Minoru Ota, a former internal auditor who had headed the company’s accounting unit, is to blame for almost half of that cost, the statement said.
“The masterminds in this case hid their illegal acts through artful manipulation of expert opinion,” the report said.

Olympus did not make Mr. Ota available for comment, and calls to a registered number under that name in Tokyo went unanswered.

The company said later Tuesday that it had filed a lawsuit against all five of the internal auditors, demanding 500 million yen from each.
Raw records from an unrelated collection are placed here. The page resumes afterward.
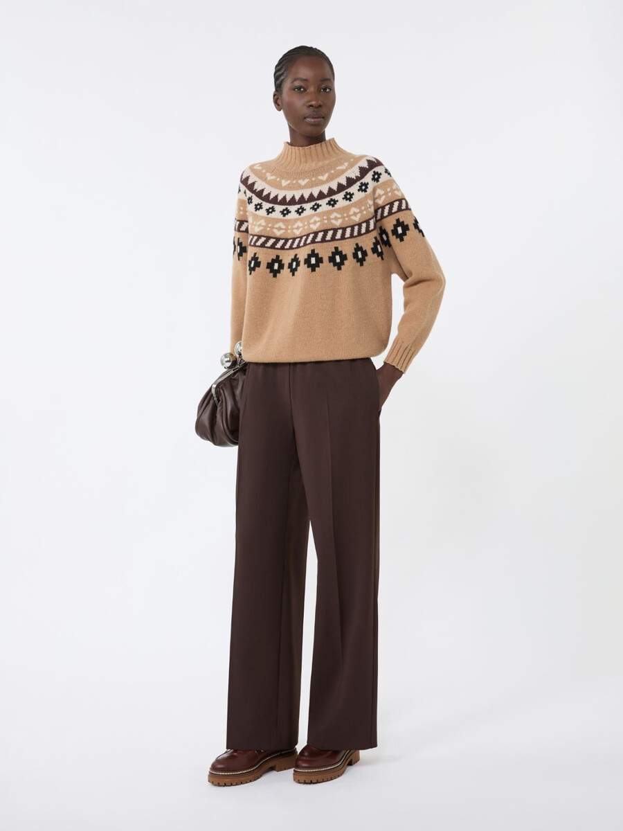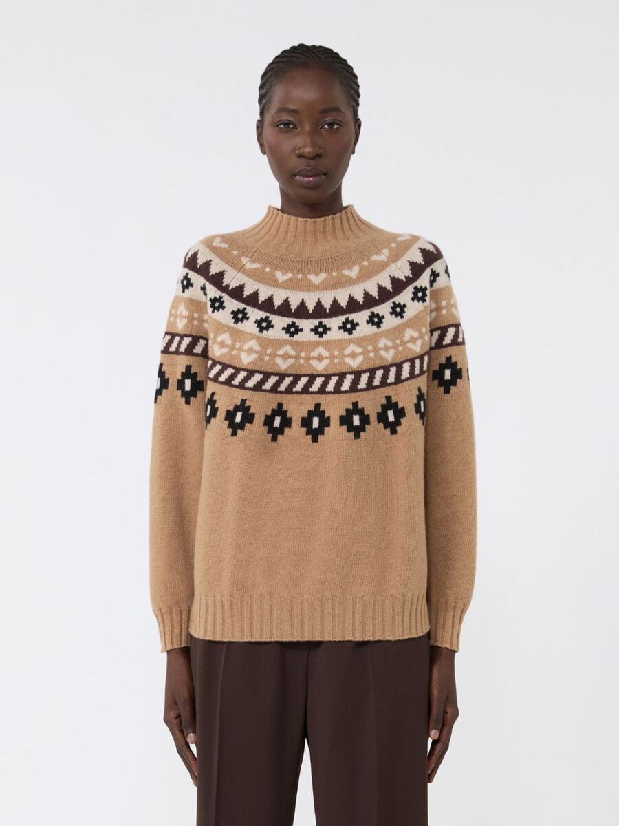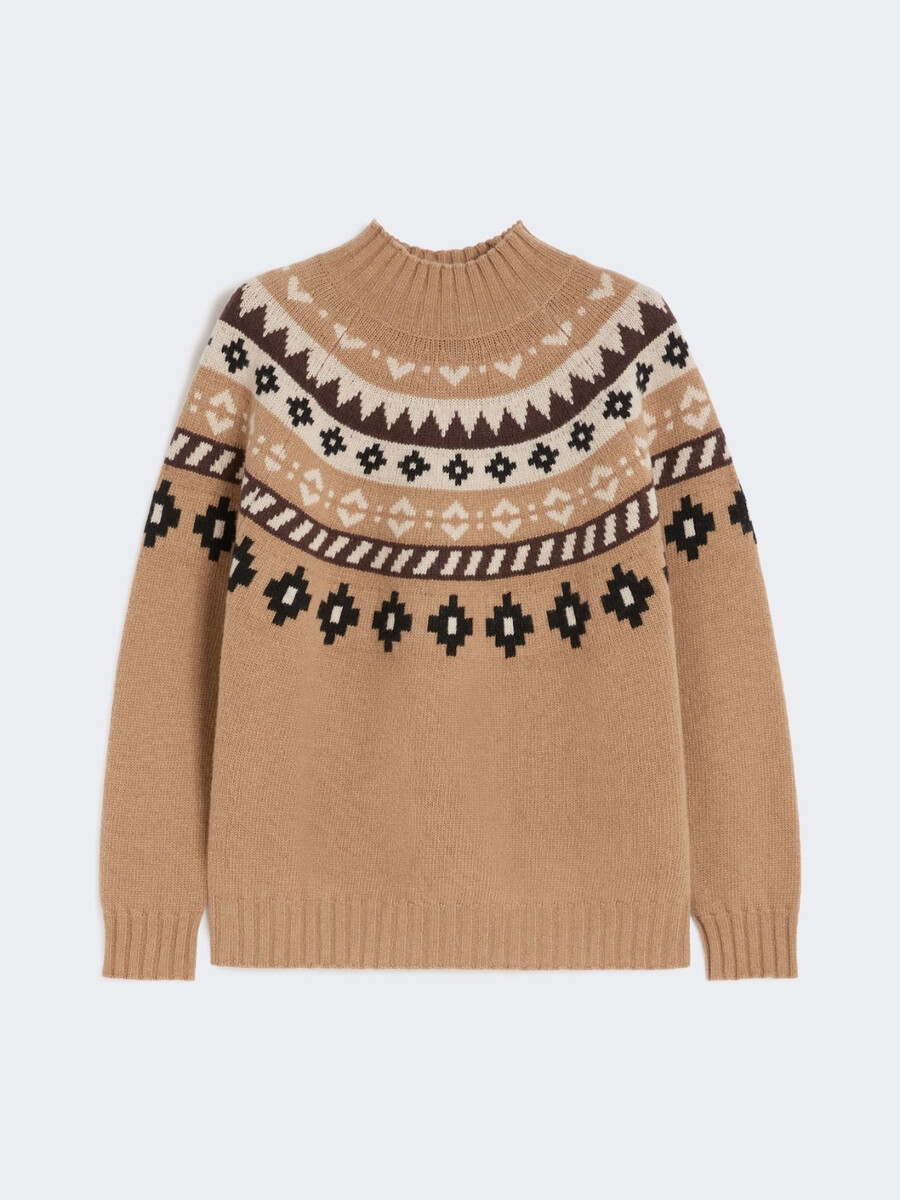 Maglione con lavorazione jacquard che crea un motivo a contrasto su tutto il carré.
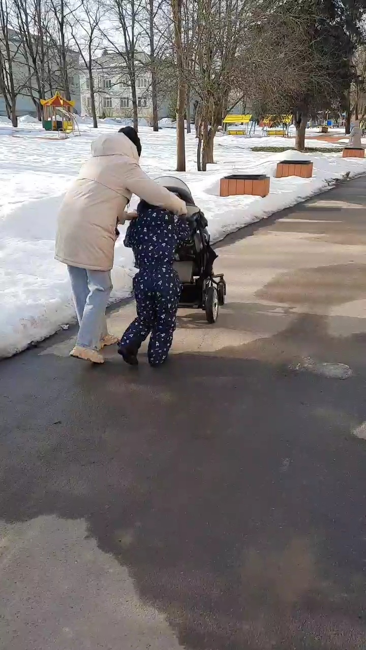 Такая реакция была на то, что ребёнок сам толкает коляску.
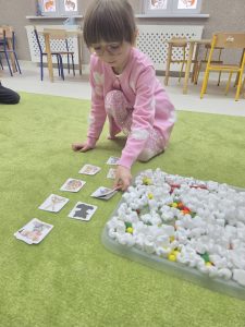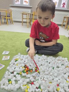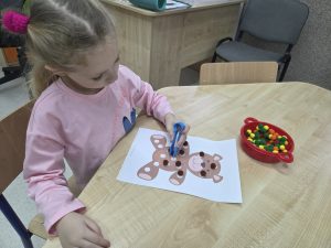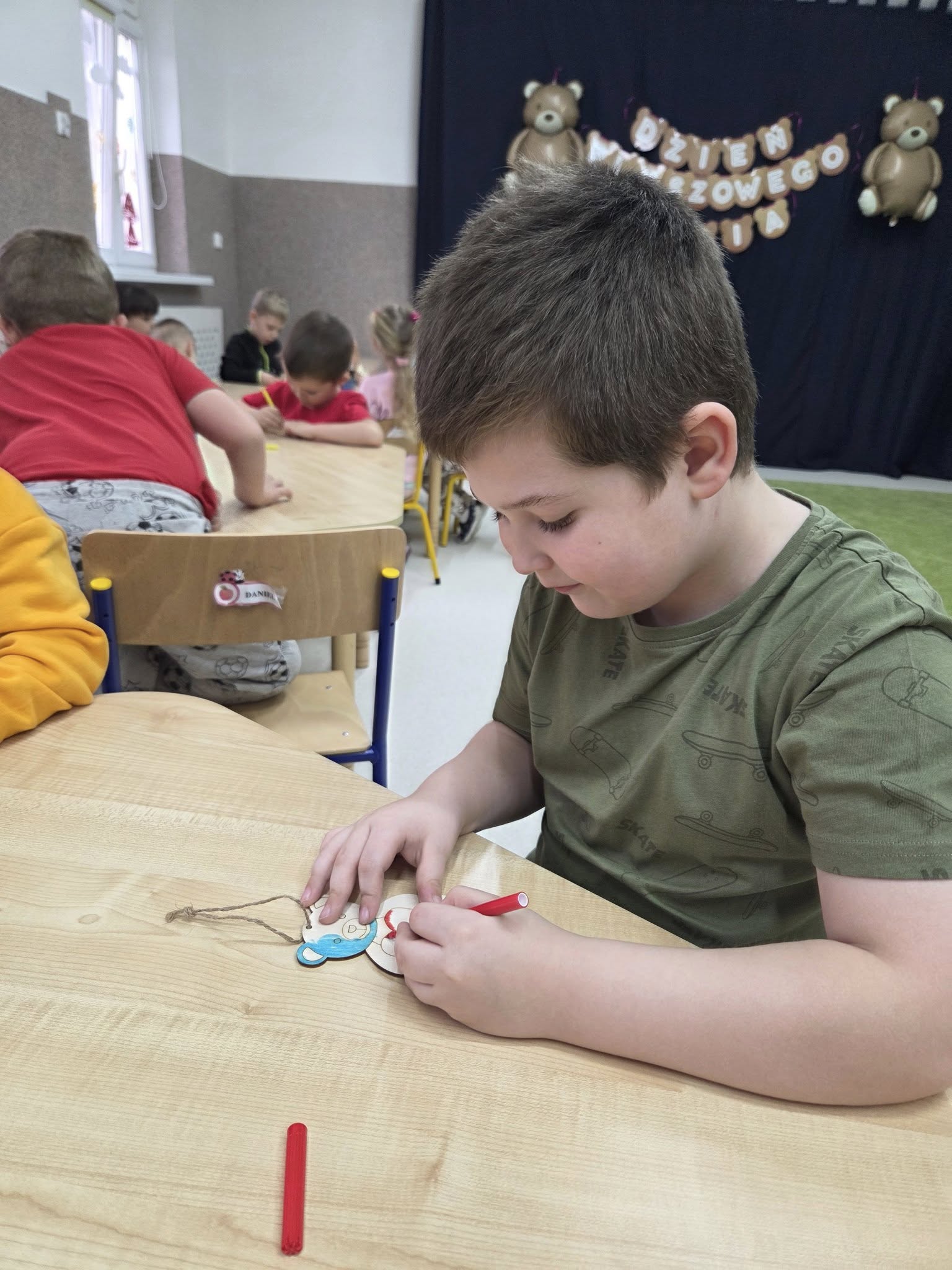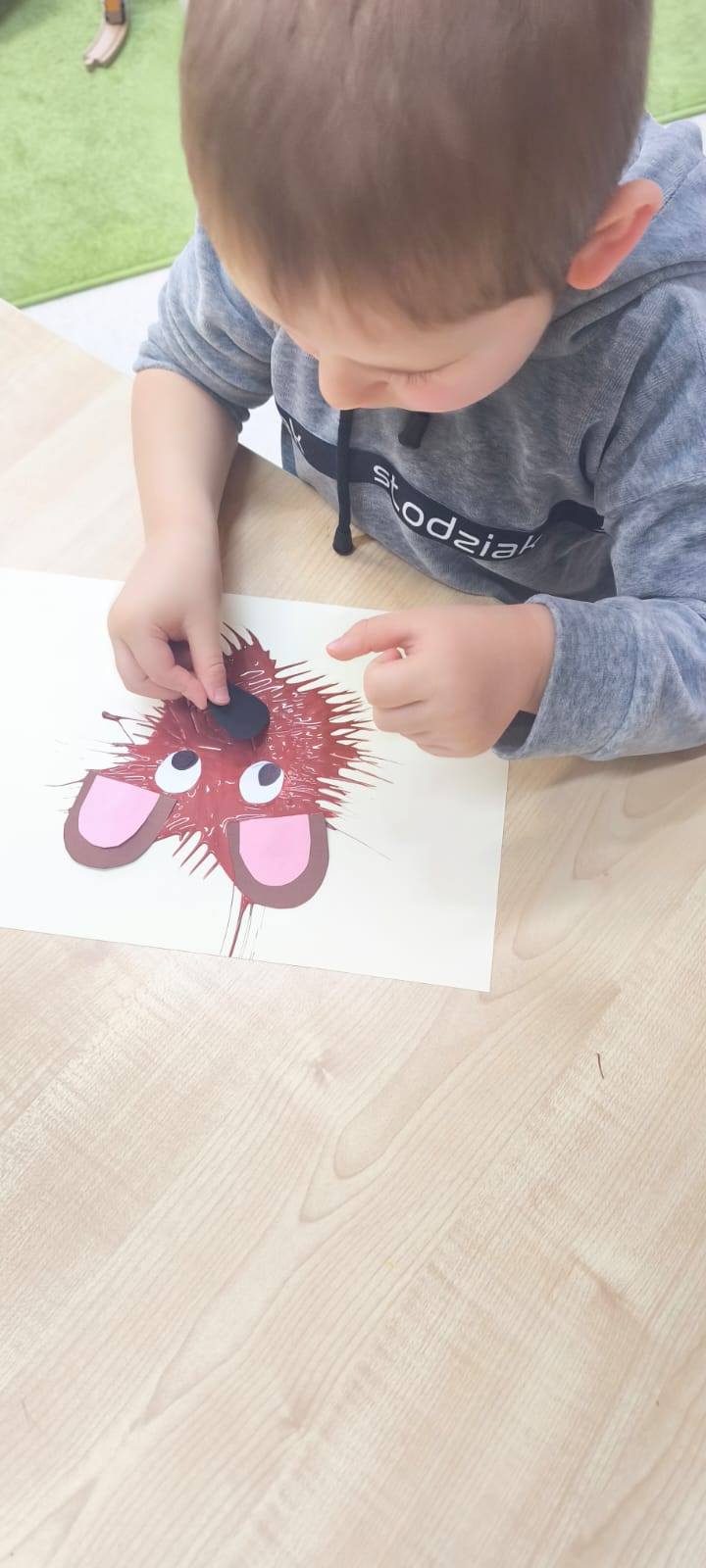 Dzieci wykonały również prace plastyczne o tematyce misiowej, rozwijając swoją kreatywność oraz sprawność manualną. Nie zabrakło także rozmów o ulubionych pluszakach, zagadek i zabaw związanych z misiami.
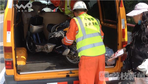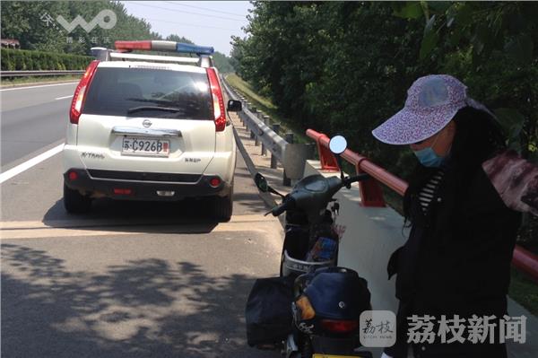 民警通过监控发现这一情况后,立即驾驶警车赶往现场,最终在淮徐高速南行186KM处,民警找到了这位骑电动车的女士,女士的电动车停在高速公路应急车道上,其电池已经耗完,车辆也无法继续前行。
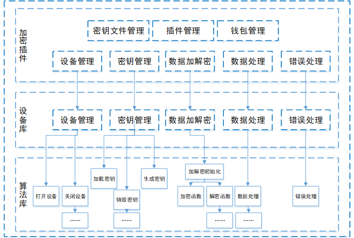 API函数主要包括五大类函数:设备管理类函数,密钥管理类函数,加解密算法类函数,数据管理类函数,错误处理类函数。设备管理类函数负责对加密设备的管理,打开加密设备、关闭加密设备等。密钥管理类函数负责密钥管理,包括生成密钥,加载密钥,销毁密钥等。加解密算法类函数负责对数据的加解密。数据管理类函数负责加密前对数据的处理操作。错误处理类函数负责对加解密运行中的错误处理。
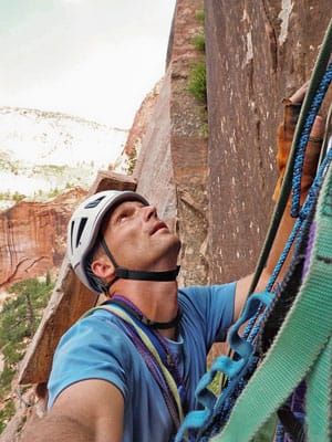 Zwick, climbing the face of the rock where he slept on a man-made ledge that he carried in his 200 pounds of gear. by Carin R. Kirkegaard with pictures submitted…
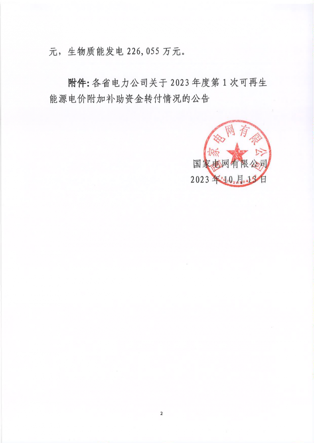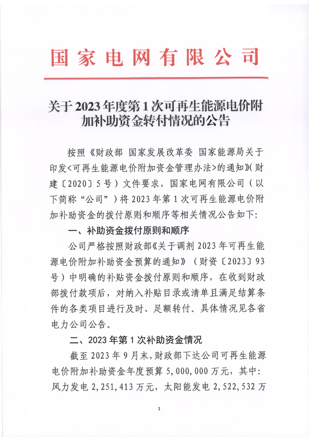 10月19日,国网新能源云平台发布《关于2023年度第1次可再生能源电价附加补助资金转付情况的公告》(以下简称《公告》)。按照《财政部 国家发展改革委 国家能源局关于印发<可再生能源电价附加资金管理办法的通知》(财建〔2020〕5号)文件要求,国家电网有限公司将2023年第1次可再生能源电价附加补助资金的拨付原则和顺序等相关情况进行公告。
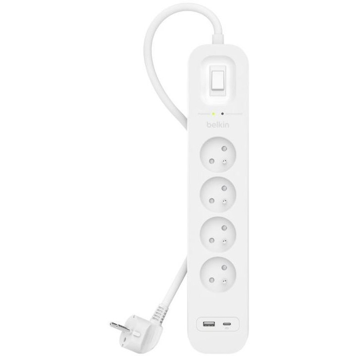 Korzyści ze stosowania produktu 525 J ochrony przeciwprzepięciowej Szybkie ładowanie przez USB-C PD Porty USB-C i USB-A Ładowanie USB-C o maksymalnej mocy 18 W Wydłuża trwałość urządzeń elektronicznych Bardziej inteligentna i bezpieczna konstrukcja Przewód zasilający o długości 2 m Otwory montażowe z tyłu umożliwiają łatwy montaż w celu zaoszczędzenia miejsca na podłogach i blatach Wskaźniki ochrony informują, że urządzenia są bezpieczne Zgodność z gniazdami AC, portami USB-C PD, portami USB-A 2-letnia gwarancja
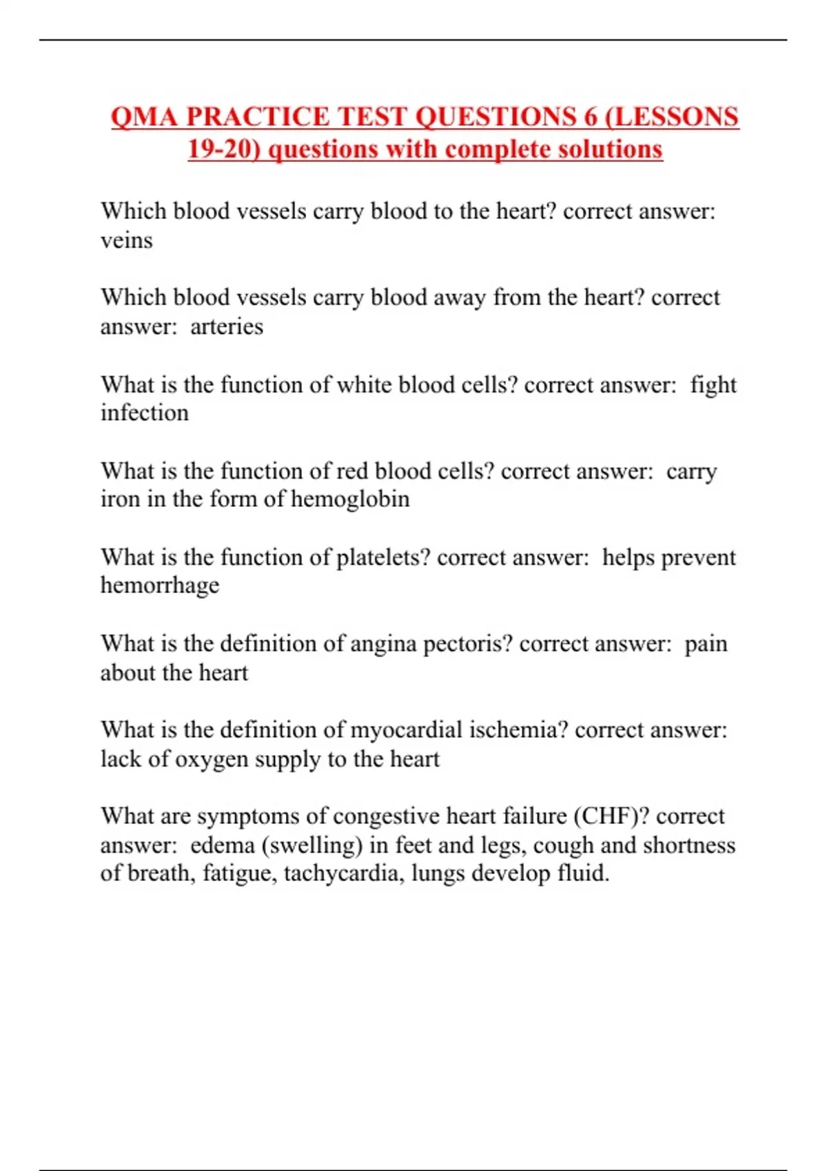 QMA PRACTICE TEST QUESTIONS 6 (LESSONS 19-20) questions with complete solutions

Olympus has admitted that a handful of former and current executives set up a scheme to obscure losses by illicitly keeping unprofitable assets off its books. The company later tried to settle those losses in payments masked as merger-and-acquisition fees.

Last week, the company sued 19 current and former executives, including the current president, Shuichi Takayama, over their roles in concealing the losses. The scandal has led to investigations by the authorities on three continents, and Olympus shares remain on watch for possible delisting on the Tokyo exchange.

But a person with close knowledge of various investigations relating to Olympus said that not only was Olympus adept at hiding its losses, but that the company might have received help from its banks misstate its financial position.

KPMG received confirmation statements from Société Générale and Commerzbank that, with hindsight, were clearly misleading, the person said on condition of anonymity, saying he was not authorized to speak to the media.
Those inaccurate statements have been submitted by KPMG to Japanese regulators to aid in their inquiry, and the authorities have begun a broader review that is likely to include the conduct of Olympus’s banks, the person said.

“Société Générale’s policy is to fully and strictly comply with all regulations and laws in the countries where it operates,” the bank said in an e-mailed statement. “As always, Société Générale will cooperate with the relevant authorities if needed.” Commerzbank did not respond to calls seeking comment. Olympus’s third European bank, LGT of Liechtenstein, has not been linked to misleading statements.


Hiroko Tabuchi reported from Tokyo and Keith Bradsher from Hong Kong.